▸ Instructions for the task
From first line to last, give the records again word for word and omit the pictures.

━━━ Input material ━━━

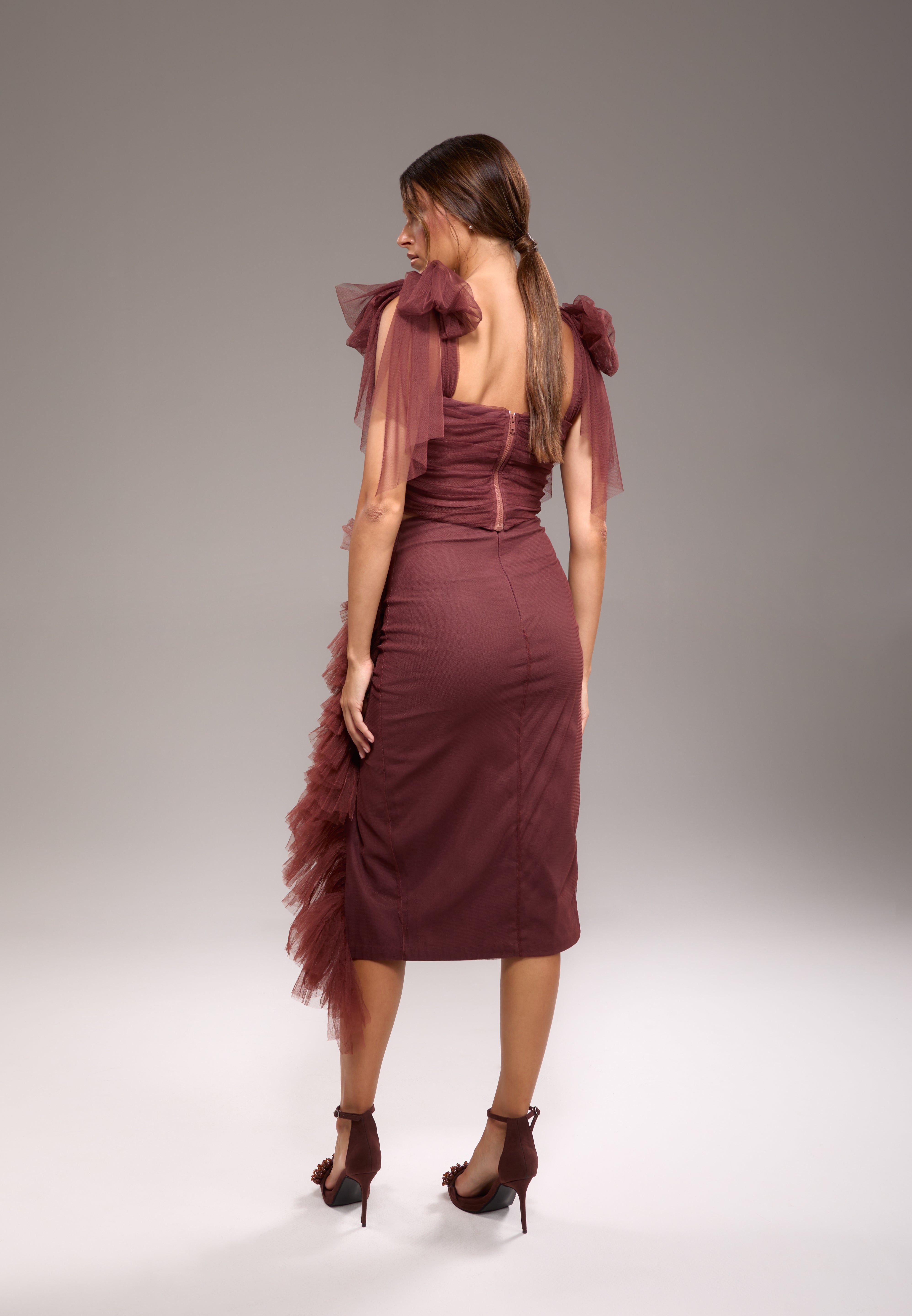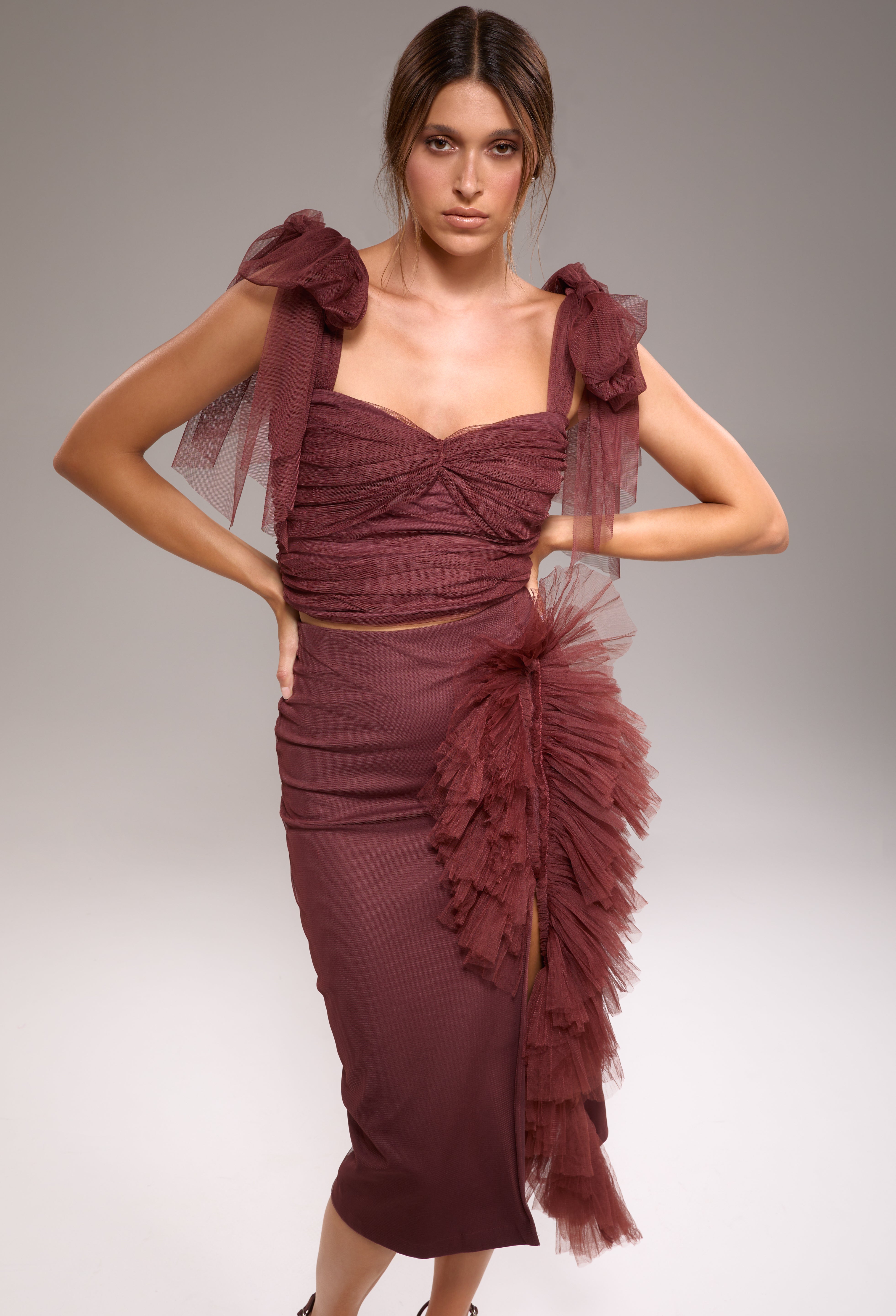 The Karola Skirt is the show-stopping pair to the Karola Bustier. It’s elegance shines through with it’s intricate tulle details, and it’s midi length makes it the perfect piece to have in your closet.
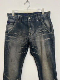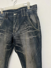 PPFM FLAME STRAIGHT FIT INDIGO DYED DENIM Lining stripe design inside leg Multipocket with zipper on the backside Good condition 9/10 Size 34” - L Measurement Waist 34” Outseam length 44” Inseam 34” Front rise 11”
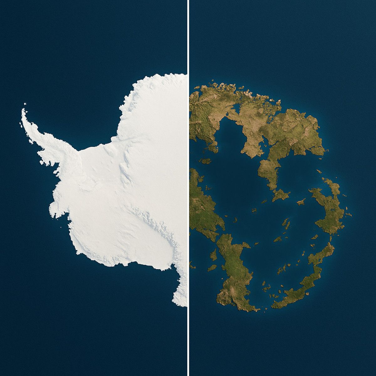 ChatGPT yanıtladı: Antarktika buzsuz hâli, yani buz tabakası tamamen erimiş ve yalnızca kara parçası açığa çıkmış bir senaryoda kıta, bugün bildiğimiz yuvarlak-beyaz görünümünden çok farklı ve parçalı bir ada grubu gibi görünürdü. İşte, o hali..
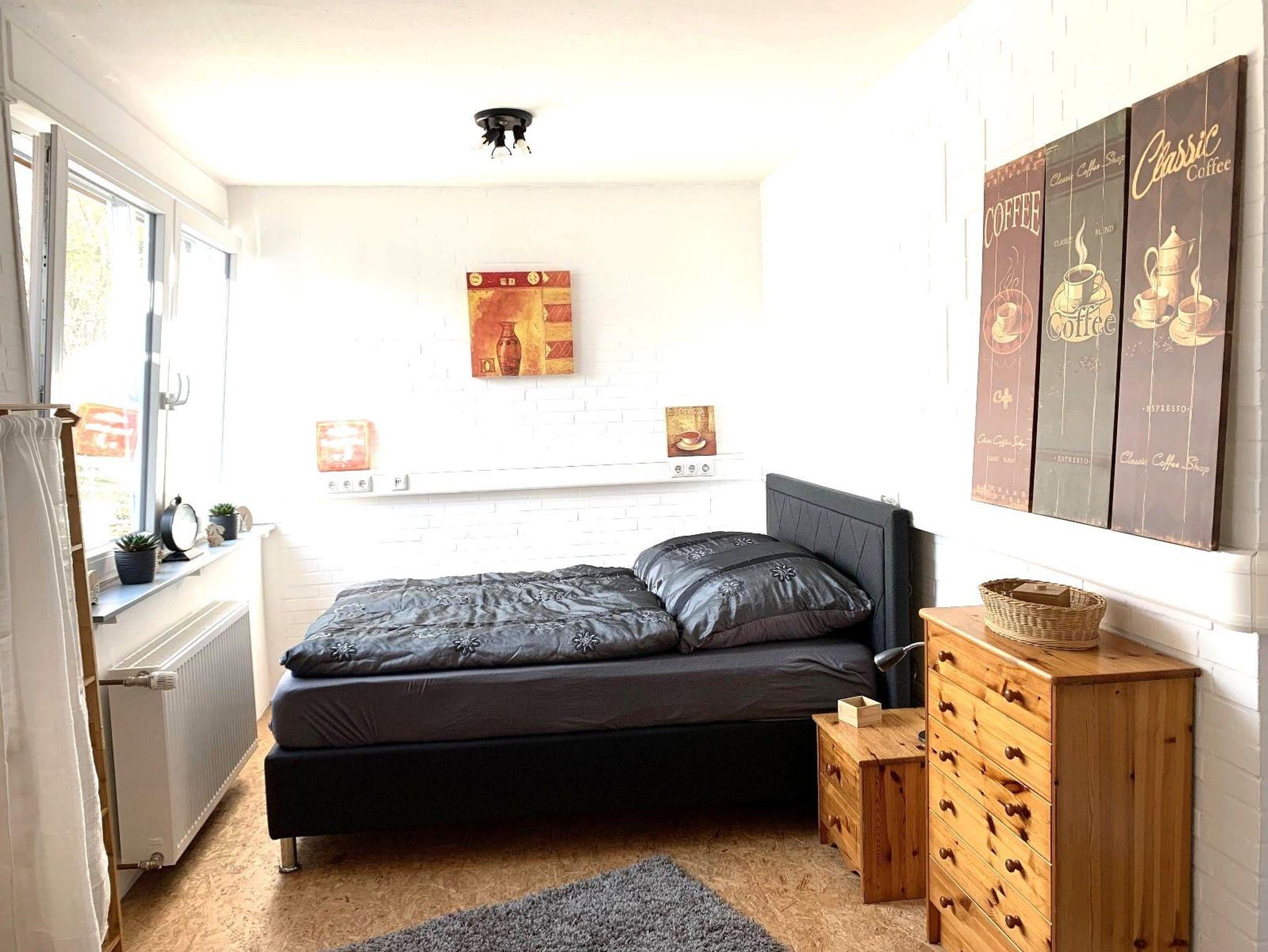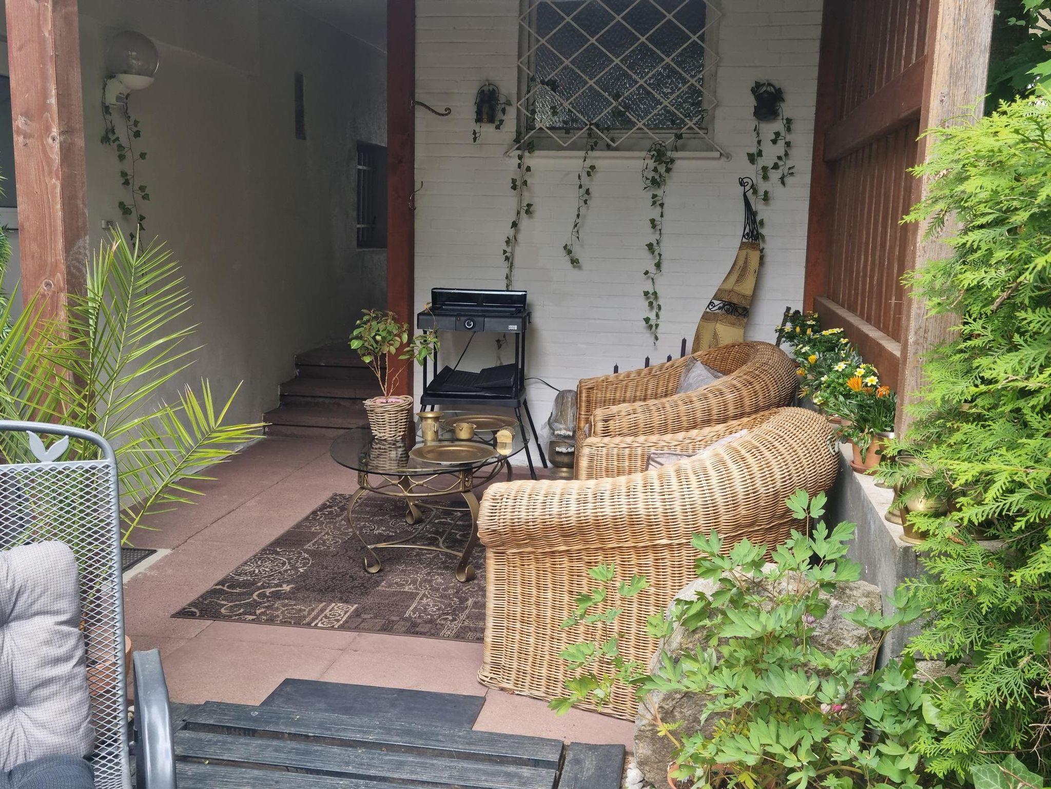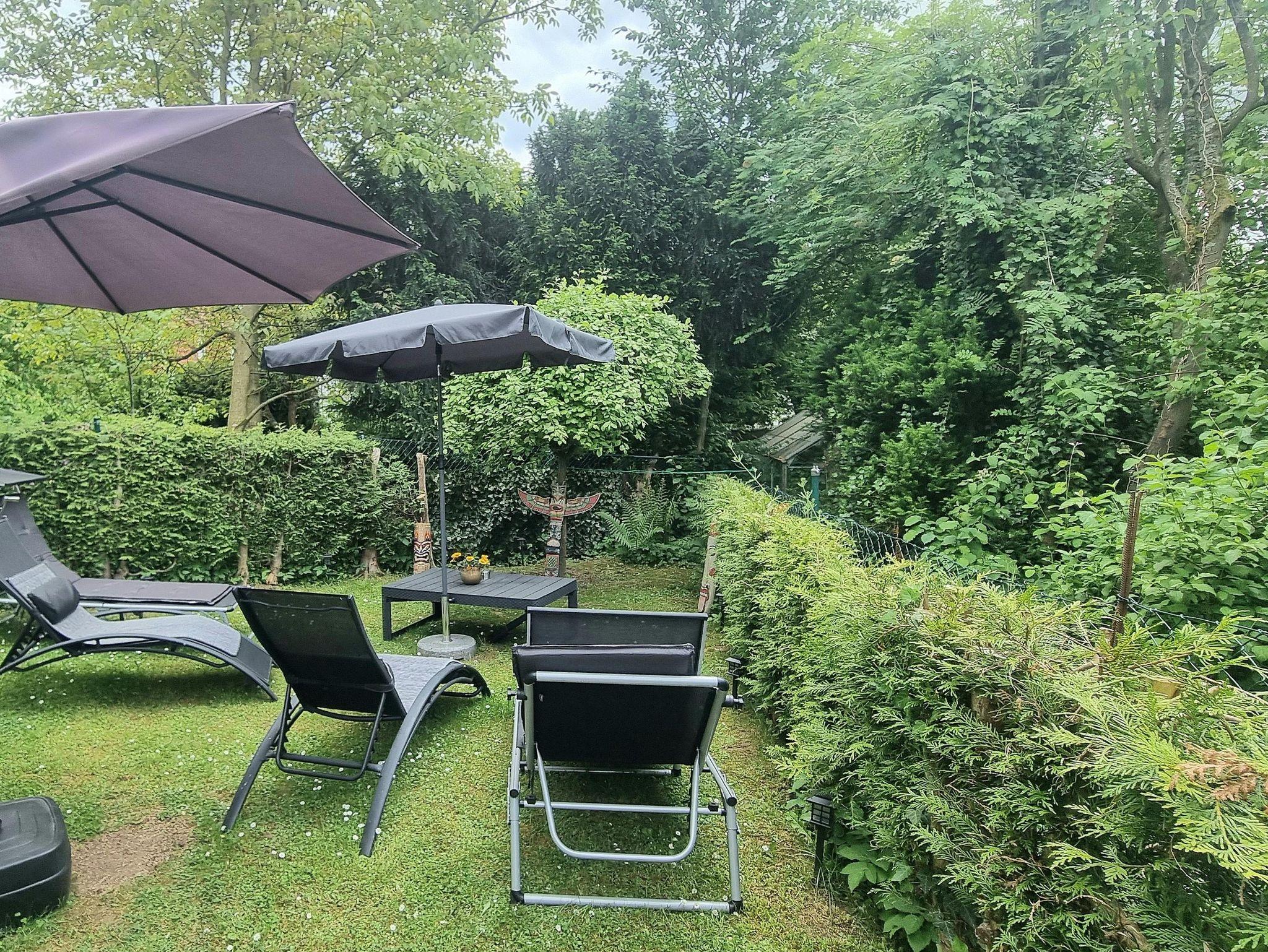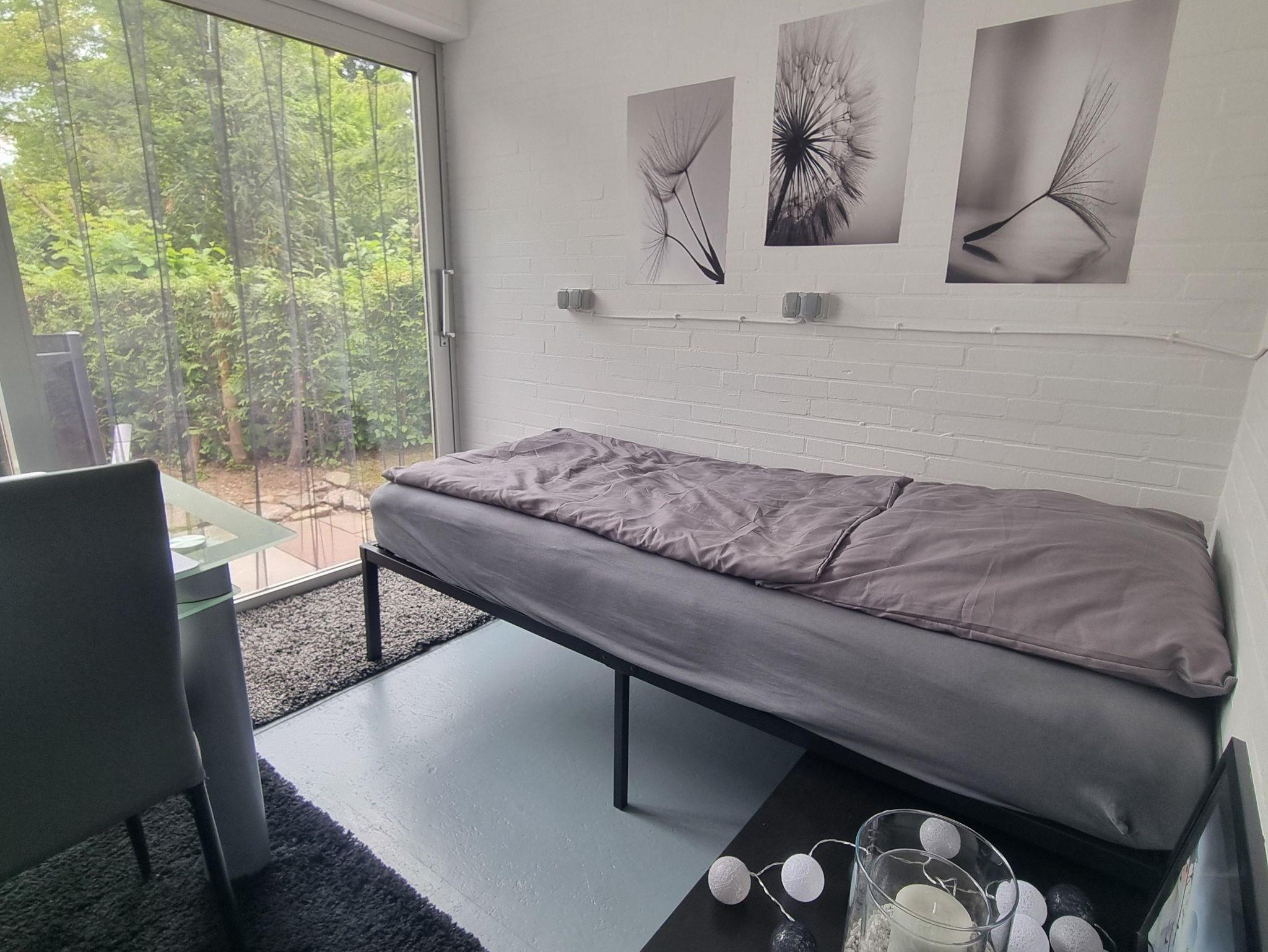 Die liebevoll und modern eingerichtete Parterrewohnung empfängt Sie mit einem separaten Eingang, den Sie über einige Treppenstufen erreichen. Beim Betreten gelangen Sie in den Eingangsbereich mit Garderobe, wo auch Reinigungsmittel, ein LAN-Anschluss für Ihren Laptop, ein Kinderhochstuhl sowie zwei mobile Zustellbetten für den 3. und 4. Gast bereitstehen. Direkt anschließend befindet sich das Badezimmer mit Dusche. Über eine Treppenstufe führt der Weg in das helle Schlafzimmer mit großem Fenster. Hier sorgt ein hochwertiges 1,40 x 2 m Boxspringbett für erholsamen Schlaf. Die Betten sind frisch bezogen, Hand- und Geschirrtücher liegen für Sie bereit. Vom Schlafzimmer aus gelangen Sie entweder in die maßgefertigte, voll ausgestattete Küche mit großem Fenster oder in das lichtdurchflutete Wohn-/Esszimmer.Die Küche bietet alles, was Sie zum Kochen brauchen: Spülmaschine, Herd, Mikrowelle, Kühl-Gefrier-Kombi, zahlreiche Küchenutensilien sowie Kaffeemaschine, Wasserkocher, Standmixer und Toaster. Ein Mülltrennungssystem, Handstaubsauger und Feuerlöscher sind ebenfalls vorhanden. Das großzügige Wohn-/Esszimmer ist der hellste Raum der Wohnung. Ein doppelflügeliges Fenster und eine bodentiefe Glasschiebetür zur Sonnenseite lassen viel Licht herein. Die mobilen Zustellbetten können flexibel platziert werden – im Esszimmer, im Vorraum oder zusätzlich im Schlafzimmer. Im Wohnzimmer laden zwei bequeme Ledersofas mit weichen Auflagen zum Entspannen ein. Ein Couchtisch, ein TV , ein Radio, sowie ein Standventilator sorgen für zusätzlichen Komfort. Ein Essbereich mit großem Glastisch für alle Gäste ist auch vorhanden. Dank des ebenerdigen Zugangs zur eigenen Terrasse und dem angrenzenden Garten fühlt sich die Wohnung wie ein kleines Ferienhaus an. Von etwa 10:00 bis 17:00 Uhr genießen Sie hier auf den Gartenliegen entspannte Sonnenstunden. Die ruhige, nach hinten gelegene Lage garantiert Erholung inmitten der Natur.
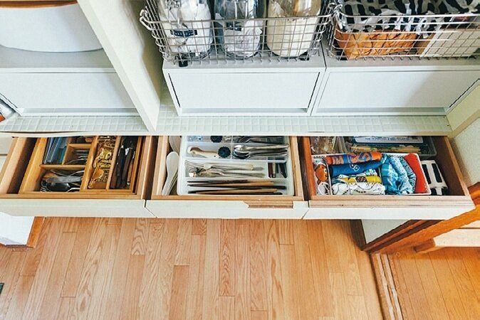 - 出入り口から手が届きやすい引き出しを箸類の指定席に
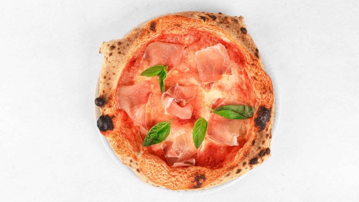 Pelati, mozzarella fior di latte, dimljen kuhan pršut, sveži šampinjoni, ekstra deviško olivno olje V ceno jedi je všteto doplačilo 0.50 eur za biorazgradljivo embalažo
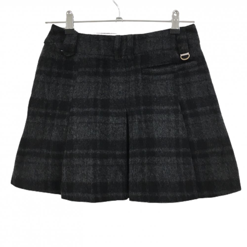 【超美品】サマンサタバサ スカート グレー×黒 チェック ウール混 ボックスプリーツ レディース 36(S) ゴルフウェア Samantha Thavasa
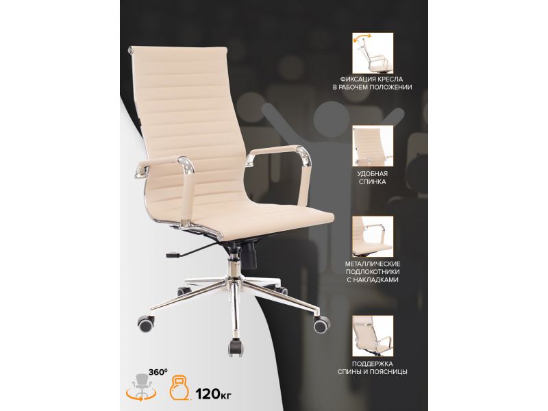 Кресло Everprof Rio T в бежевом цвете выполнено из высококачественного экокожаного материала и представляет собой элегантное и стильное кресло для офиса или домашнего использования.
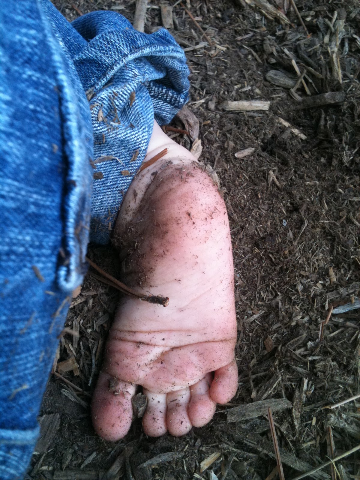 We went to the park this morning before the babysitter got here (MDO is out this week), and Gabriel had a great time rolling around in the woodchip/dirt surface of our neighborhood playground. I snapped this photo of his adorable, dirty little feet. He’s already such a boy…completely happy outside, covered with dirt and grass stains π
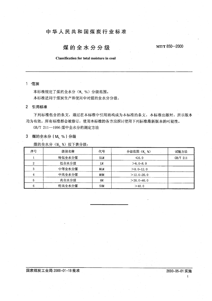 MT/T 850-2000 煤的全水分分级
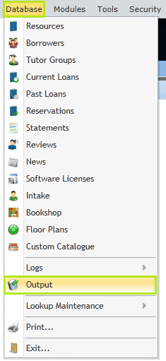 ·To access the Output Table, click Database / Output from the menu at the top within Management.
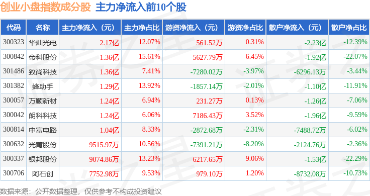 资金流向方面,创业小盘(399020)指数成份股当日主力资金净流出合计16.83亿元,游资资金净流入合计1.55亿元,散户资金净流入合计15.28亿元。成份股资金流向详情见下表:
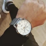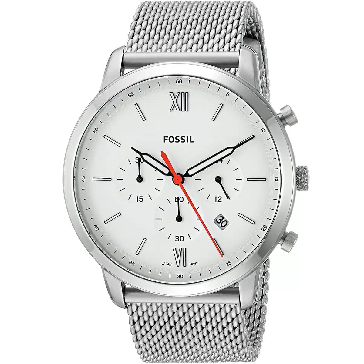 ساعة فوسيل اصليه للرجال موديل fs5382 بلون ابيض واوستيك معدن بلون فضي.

━━━

▸ Written response
 The Karola Skirt is the show-stopping pair to the Karola Bustier. It’s elegance shines through with it’s intricate tulle details, and it’s midi length makes it the perfect piece to have in your closet.
 PPFM FLAME STRAIGHT FIT INDIGO DYED DENIM Lining stripe design inside leg Multipocket with zipper on the backside Good condition 9/10 Size 34” - L Measurement Waist 34” Outseam length 44” Inseam 34” Front rise 11”
 ChatGPT yanıtladı: Antarktika buzsuz hâli, yani buz tabakası tamamen erimiş ve yalnızca kara parçası açığa çıkmış bir senaryoda kıta, bugün bildiğimiz yuvarlak-beyaz görünümünden çok farklı ve parçalı bir ada grubu gibi görünürdü. İşte, o hali..
 Die liebevoll und modern eingerichtete Parterrewohnung empfängt Sie mit einem separaten Eingang, den Sie über einige Treppenstufen erreichen. Beim Betreten gelangen Sie in den Eingangsbereich mit Garderobe, wo auch Reinigungsmittel, ein LAN-Anschluss für Ihren Laptop, ein Kinderhochstuhl sowie zwei mobile Zustellbetten für den 3. und 4. Gast bereitstehen. Direkt anschließend befindet sich das Badezimmer mit Dusche. Über eine Treppenstufe führt der Weg in das helle Schlafzimmer mit großem Fenster. Hier sorgt ein hochwertiges 1,40 x 2 m Boxspringbett für erholsamen Schlaf. Die Betten sind frisch bezogen, Hand- und Geschirrtücher liegen für Sie bereit. Vom Schlafzimmer aus gelangen Sie entweder in die maßgefertigte, voll ausgestattete Küche mit großem Fenster oder in das lichtdurchflutete Wohn-/Esszimmer.Die Küche bietet alles, was Sie zum Kochen brauchen: Spülmaschine, Herd, Mikrowelle, Kühl-Gefrier-Kombi, zahlreiche Küchenutensilien sowie Kaffeemaschine, Wasserkocher, Standmixer und Toaster. Ein Mülltrennungssystem, Handstaubsauger und Feuerlöscher sind ebenfalls vorhanden. Das großzügige Wohn-/Esszimmer ist der hellste Raum der Wohnung. Ein doppelflügeliges Fenster und eine bodentiefe Glasschiebetür zur Sonnenseite lassen viel Licht herein. Die mobilen Zustellbetten können flexibel platziert werden – im Esszimmer, im Vorraum oder zusätzlich im Schlafzimmer. Im Wohnzimmer laden zwei bequeme Ledersofas mit weichen Auflagen zum Entspannen ein. Ein Couchtisch, ein TV , ein Radio, sowie ein Standventilator sorgen für zusätzlichen Komfort. Ein Essbereich mit großem Glastisch für alle Gäste ist auch vorhanden. Dank des ebenerdigen Zugangs zur eigenen Terrasse und dem angrenzenden Garten fühlt sich die Wohnung wie ein kleines Ferienhaus an. Von etwa 10:00 bis 17:00 Uhr genießen Sie hier auf den Gartenliegen entspannte Sonnenstunden. Die ruhige, nach hinten gelegene Lage garantiert Erholung inmitten der Natur.
 - 出入り口から手が届きやすい引き出しを箸類の指定席に
 Pelati, mozzarella fior di latte, dimljen kuhan pršut, sveži šampinjoni, ekstra deviško olivno olje V ceno jedi je všteto doplačilo 0.50 eur za biorazgradljivo embalažo
 【超美品】サマンサタバサ スカート グレー×黒 チェック ウール混 ボックスプリーツ レディース 36(S) ゴルフウェア Samantha Thavasa
 Кресло Everprof Rio T в бежевом цвете выполнено из высококачественного экокожаного материала и представляет собой элегантное и стильное кресло для офиса или домашнего использования.
 We went to the park this morning before the babysitter got here (MDO is out this week), and Gabriel had a great time rolling around in the woodchip/dirt surface of our neighborhood playground. I snapped this photo of his adorable, dirty little feet. He’s already such a boy…completely happy outside, covered with dirt and grass stains π
 MT/T 850-2000 煤的全水分分级
 ·To access the Output Table, click Database / Output from the menu at the top within Management.
 资金流向方面,创业小盘(399020)指数成份股当日主力资金净流出合计16.83亿元,游资资金净流入合计1.55亿元,散户资金净流入合计15.28亿元。成份股资金流向详情见下表:
 ساعة فوسيل اصليه للرجال موديل fs5382 بلون ابيض واوستيك معدن بلون فضي.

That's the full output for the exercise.